What is the 7 day closing rule? ›

7 Days from Initial Disclosure –

Mortgage Closing Waiting Period. The Rule prohibits the lender and consumer from closing or settling on the mortgage loan transaction until 7 business days after the delivery or mailing of the TILA disclosures, including the Good Faith Estimate and disclosure of the final APR.

What is the 7 day rule for loan estimates? ›

Under the TRID rule, credit unions generally must provide the Loan Estimate to consumers no later than seven business days before consummation. Members must receive the Closing Disclosure no later than three business days before consummation.

Who pays most of the closing costs? ›

Who pays more in closing costs – the buyer or the seller? Generally, sellers pay more in closing costs than buyers. Buyers can expect to pay 3% – 6% in fees, whereas sellers can expect to pay 6% – 10% (although these are fees that are not usually included in closing costs, such as real estate agent fees).

Can closing costs change after closing disclosure? ›

Some costs on the closing disclosure are allowed to change, while others cannot. Lenders can't deliberately understate your costs and then raise the prices at closing time. In general, if any of the following was changed from your loan estimate or looks unfamiliar, contact your lender and ask for an explanation.

What triggers a revised closing disclosure? ›

A revised Closing Disclosure may be delivered at or before consummation reflecting any changed terms, unless: The disclosed APR becomes inaccurate. The Loan Product changes – prior Closing Disclosure becomes inaccurate. A Prepayment penalty is added.

Is closing disclosure same as final approval? ›

Does receiving a Closing Disclosure mean the loan is approved? The loan is approved prior to a lender issuing a Closing Disclosure. However, you'll want to make sure your credit, income and debt are in check during this timeframe until the transaction is finalized.

Does closing disclosure mean approval? ›

Your loan is approved, or deemed “clear to close,” before you receive the closing disclosure. Be aware, however, that if you make a major financial change (like quitting your job or opening a new line of credit) around this time, your lender could still deny your loan.

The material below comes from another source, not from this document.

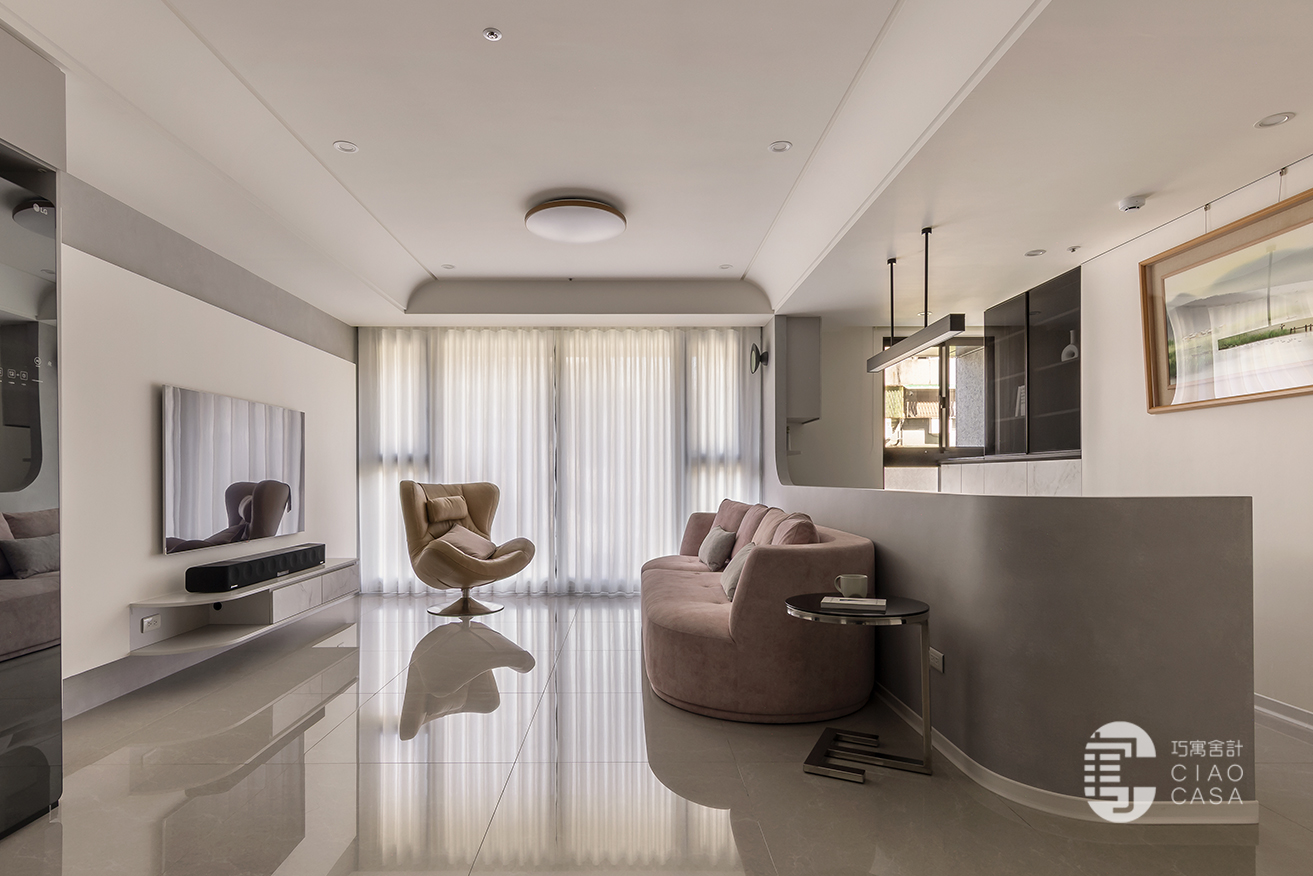 3.立體雕塑感電視牆如書頁翻篇,巧寓舍計以幾何與光影鋪陳,定調空間的深度與層次。

Is the closing disclosure the last step? ›

No, a closing disclosure is not the same as final approval. It is a document that outlines the terms of your mortgage loan, including the interest rate, fees, and other charges. You will still need to go through the underwriting process and receive final approval before closing on your loan.

What is the next step after closing disclosure? ›

After the final closing disclosure, the next step is closing day. On this important day, you'll sign paperwork and receive the keys to your new home. Following the closing, there are a few steps that need to be completed like recording the deed, updating utilities and your address, and moving in.